What we see on the left is the variation of the sentence length data (the term ‘variation’ here meaning the general ‘dispersedness’ of the data) for realism, which goes from 10 to roughly 35 words per sentence with an outlier or two on either end, whereas if we consider modernism, we have everything from zero (Samuel Beckett’ novel How It Is which has no full stops in it) up to forty-five, with far more outliers on the higher end. Higher outliers, are data points with values greater than 1.5 times the interquartile range above the third quartile, lower outliers, of which there are three, are more than 1.5 times below the first quartile. For one’s own general knowledge, the modernist outliers for sentence length are

  • William Faulkner’s Absalom! Absalom! (46.4), and Intruer in the Dust (42.3)
  • Marcel Proust’s Swann’s Way (42.9), In a Budding Grove (40.2) In a Budding Grove (40.2), Time Re-gained (38), The Prisoner (37.2) and The Captive (35.7) The Guermantes Way (34.1) and Sodom and Gomorrah (30.9).
  • Samuel Beckett’s Texts for Nothing and The Unnamable have 40.5 and 32.9 words per sentence respectively
  • Gertrude Stein’s novels The Making of Americans and Everybody’s Autobiography have 33.9 and 33.5 respectively.
  • Henry James’ The Ivory Tower and The Young Lovell score 31.8 and 29 respectively.
  • The three lower outlier values for sentence length are all written by Beckett, such as the aforementioned How It Is and also Worstward Ho (4.9) and Ill Seen Ill Said (7).

It can be tempting I think, when we see these sorts of names surface so prominently, in conjunction with a visual confirmation of the existence of an avant-garde to think that modernism in its most pure form was a kind of relentless maximalism, an uncompromising movement towards longer sentences, more pronouns, and that all other manifestations of it are inadequate or insufficient in some way. This is a kind of a boring and masculinist overview of the genre, which takes, I think, too many of the claims made by its most dogmatic adherents at face value, and it’s not a modernism I’m particularly interesting in defending or instantiating. There can also, of course, be a regressive or rearguard aspect to modernism, which is perceptible in the following boxplot, which displays the distribution of past tense verbs.

As was pointed out above, modernism displays an increase in past tense verbs overall, but here we see a large number of outlier values moving against the overall trend.
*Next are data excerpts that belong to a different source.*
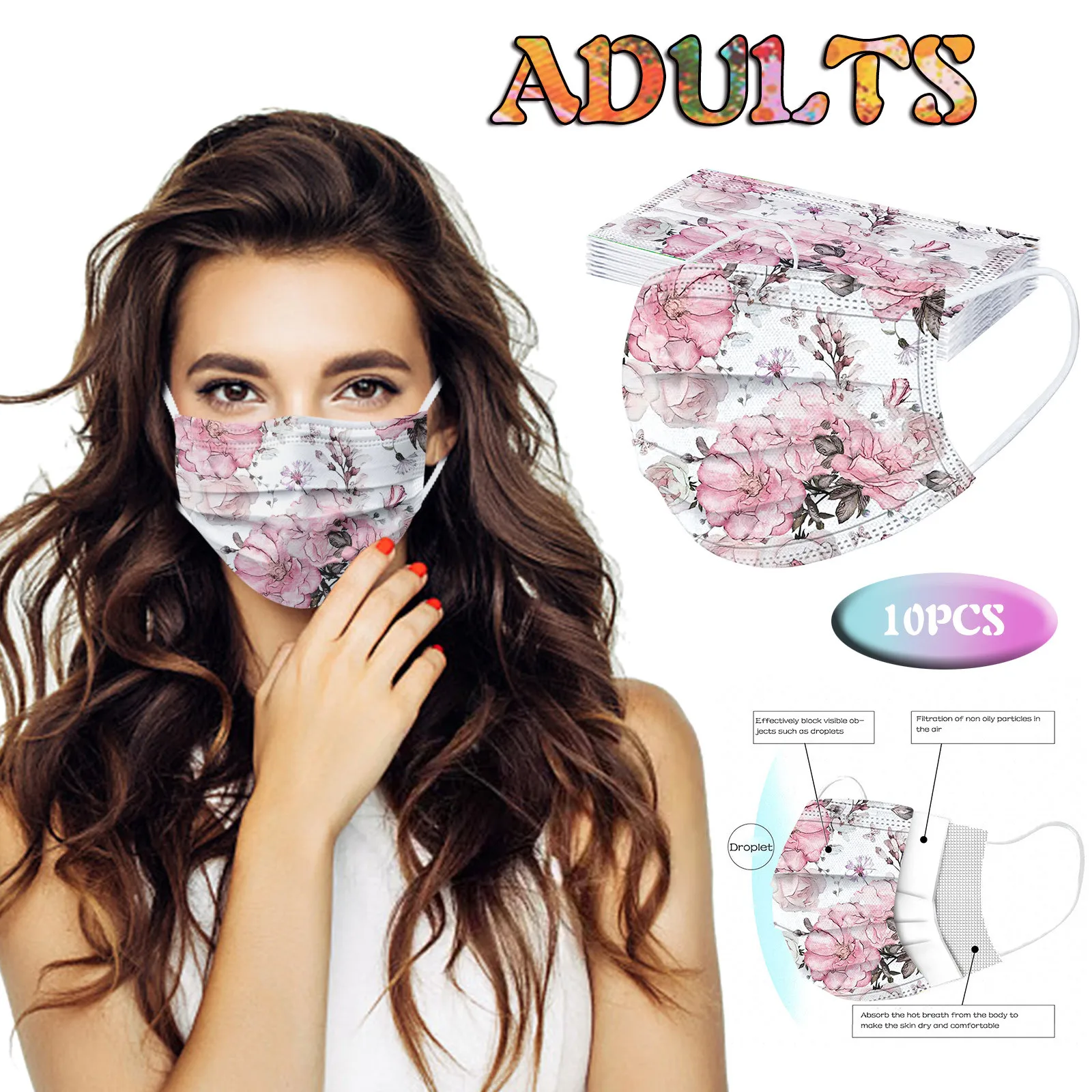 В 3 слоя Нетканая одноразовая маска изготовлена из 3 слоев нетканого материала, Безопасен и безопасен для использования. Дышащий материал и милый Узоры, которые делают его полезным и модным. Специальный 3 слоя из нетканого материала Дизайн, обеспечивает некоторую защиту от пыли, автомобильных выхлопных газов, Пыльца и т. д. эластичная Ушная петля, легко носить и не давит на уши. Маникюрный салон или любые другие области, где может потребоваться защита
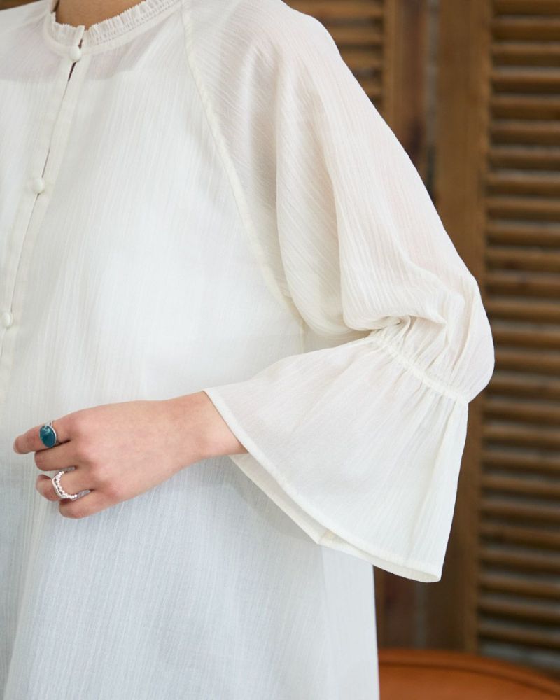 ちりめんのような細かいシボが広がるポリエステル素材を使ったブラウスです。生地の表裏がほのかにゆらぎ、肌との接点が少ないためサラッと涼しくお召しいただけます。フレアの入ったボディと袖口が風になびく様子もフェミニンで全体的にシアー感があるためインナーの着用がおすすめ。シャーリングを寄せた襟がポイントになり1枚着を楽しむ他、冷房や日除け対策の羽織りとしても便利です。 モデル身長: 167 cm 着用サイズ: M サイズ Golden Bear White Label (Ladies') ブラウス (Ladies') 【着用アイテム】468R4760 サスペンダーパンツ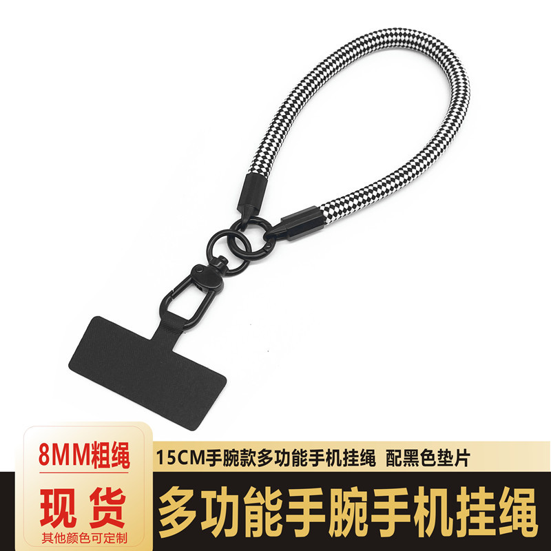 8mm wrist rope mobile phone short rope multi-function short lanyard black patch detachable outdoor anti-lost rope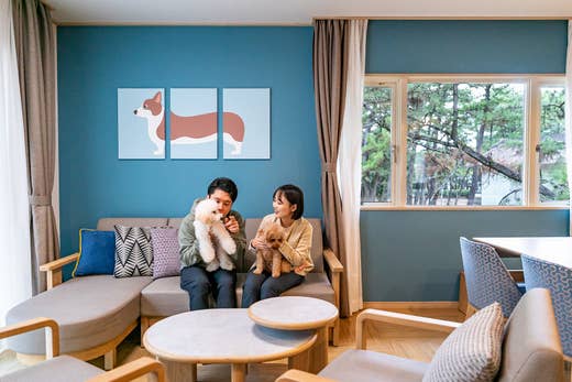 シーガイア・フォレスト・コテージにチェックイン。客室は広々117㎡、リニューアルしたばかりのペットルーム。ポップなカラーの室内には、木製ケージやベッドなど、あたたかみのあるペット専用グッズも!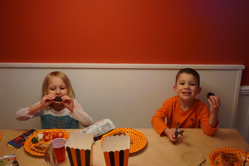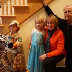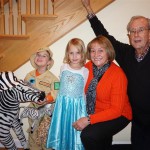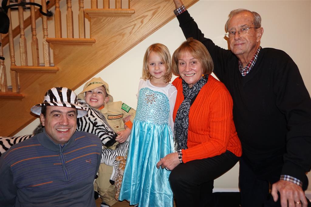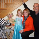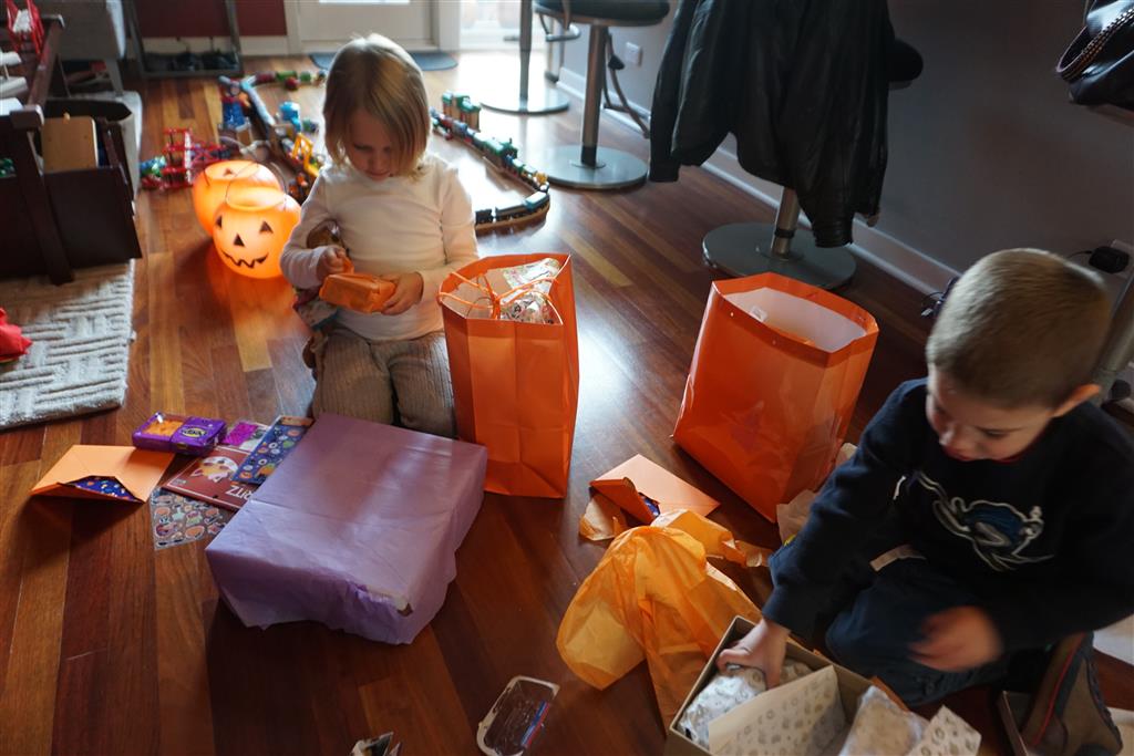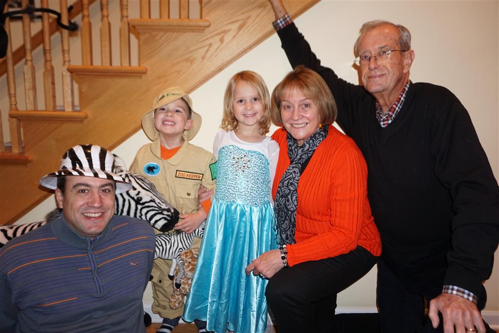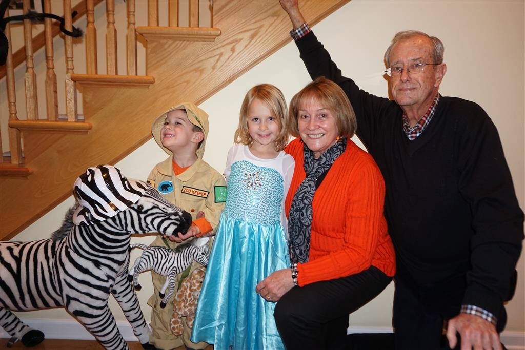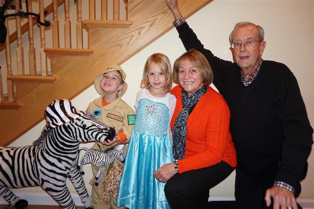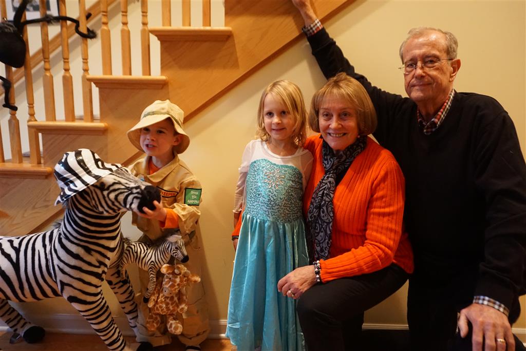 Eleanor and Henry were very excited for Halloween this week! We had a bonus as Grandma and Grandpa drove in so they could join in the fun! Eleanor dressed as Elsa, although she didn’t want to wear the wig that completed her costume. Henry was a zookeeper, and emphasized that he was going to take care of a giraffe and a zebra. On Friday Eleanor wore her costume to school and they had a parade around the block. Then, on Saturday we trick-or-treated in our friend Charlie and Tyler’s neighborhood again. The forecast was for rain and cold, but we got a break as the rain stopped just in time. This was the first year that Eleanor and Henry were both really into trick-or-treating, and we ended up hitting the whole block.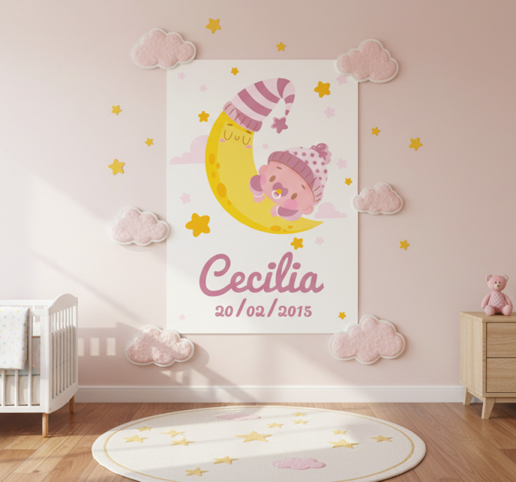 Reference: G922Børneværelse plakat baby med navn og fødselsdag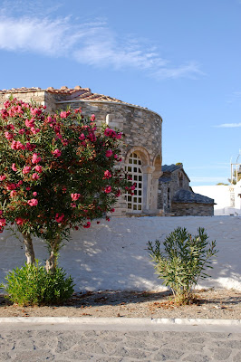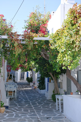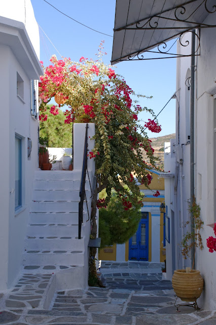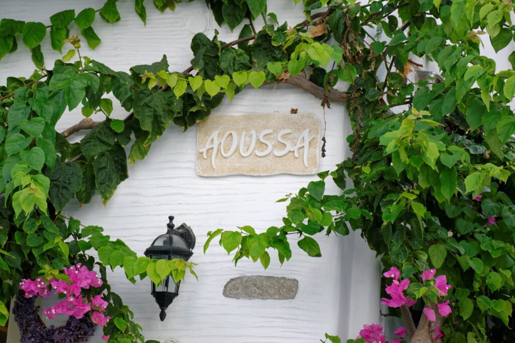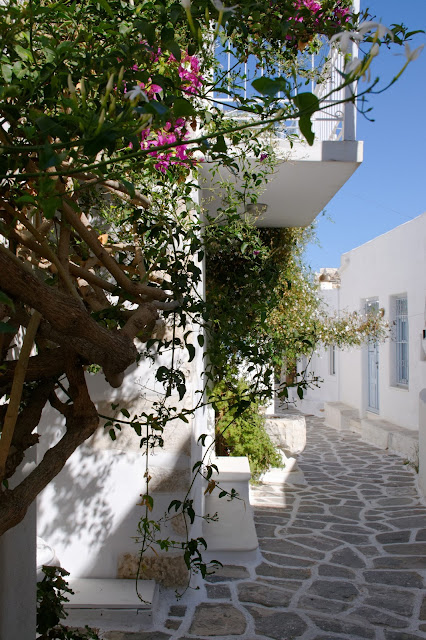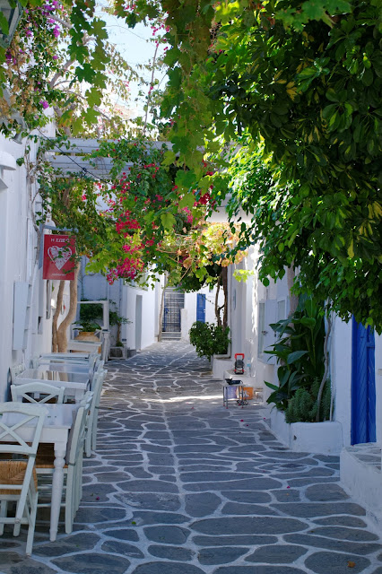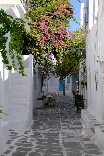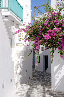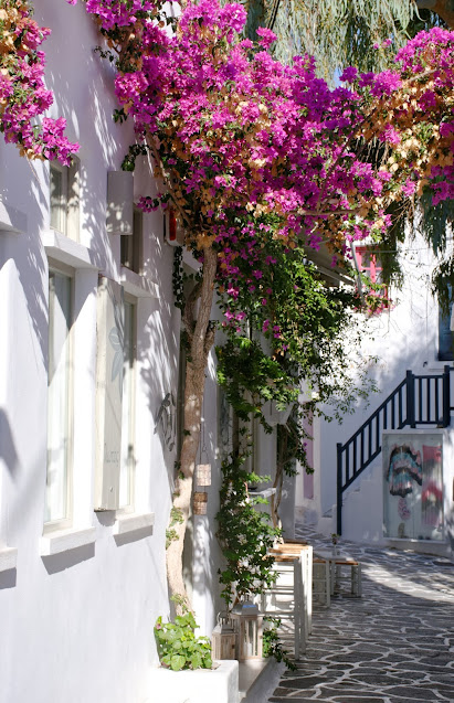 Tout en haut de Naousa, il y a une Église qui surplombe la ville. L’endroit donne d’un côté sur la mer et de l’autre sur les montagnes. L’accès n’est pas difficile et on ne se rend même pas compte que nous montons tellement se balader dans ces ruelles bourrées de charme nous ravi. Toutes ces petites ruelles sont fleuries, mais jamais de la même manière, ce qui fait que chacune d’elle à son charme. Rue après rue, nous découvrons des arbres roses, de jolies portes pastels, des volets assortis; des passages où la verdure passe au-dessus de nos têtes en arc.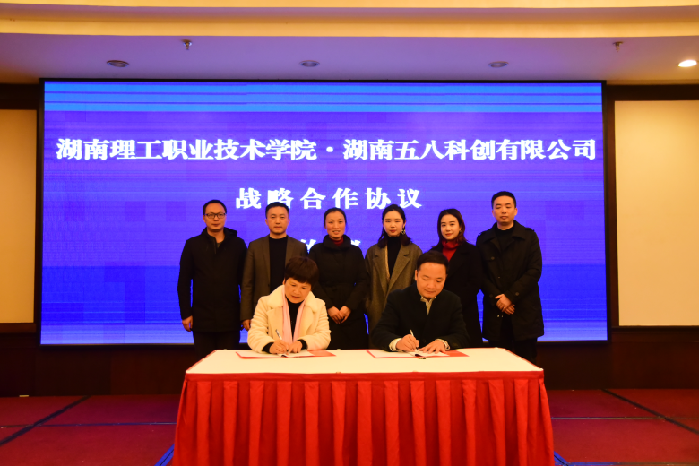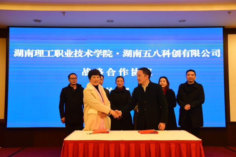 2019年12月19日下午,我院与湖南五八科创有限公司在盘龙山庄举行校企战略合作签约仪式,58众创空间·大学生创新创业服务中心正式落地我院。58科创集团董事长兼CEO吴阔、湖南理工职业技术学院副院长黄霞春等一行出席。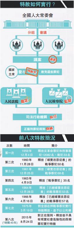 人大常委會法制工作委員會負責人當日表示,這是新中國成立後第九次特赦。今年是新中國成立70周年,是新時代第一個逢十的周年,是「兩個一百年」奮鬥目標進入歷史交匯期的關鍵之年,是實現中華民族偉大復興歷史進程中的第二個重要節點。在這一重要歷史時刻,對部分罪犯實行特赦具有重大意義。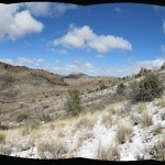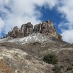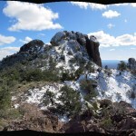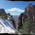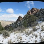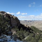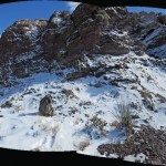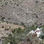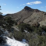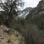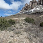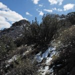 Now I was nearing the saddle between the two peaks, and needed to start traversing up the slope of the right-hand peak. I didn’t know what I would find on the north side and I wanted to start gaining some elevation while I could. It was a 20-degree slope, and I began encountering snow, but had thankfully left the mesquite behind.

These novels are:

  • James Joyce’s Ulysses (4.3%) and Finnegans Wake (2.7%)
  • William Faulkner’s As I Lay Dying (4.2%) and Requiem for a Nun (3.6%)
  • Samuel Beckett’s Malone Dies (3.9%), Fizzles (2.5%), Company (2%), Texts for Nothing (1.8%), The Unnamable (1.7%), Worstward Ho (1.6%), Ill Seen Ill Said (1.4%) and a corpus of his miscellaneous and unpublished short fiction (2.2%).
  • Joseph Conrad and Ford Madox Ford’s collaborative novel The Nature of a Crime (2.6%)
  • Virginia Woolf’s The Waves (2.4%)
  • Gertrude Stein’s Tender Buttons (1.7%)

The higher modernism outlier is Virginia Woolf’s 1937 novel The Years (10%) and the lower realism outlier is Balzac’s 1841 novel Letters of Two Brides(2.7%)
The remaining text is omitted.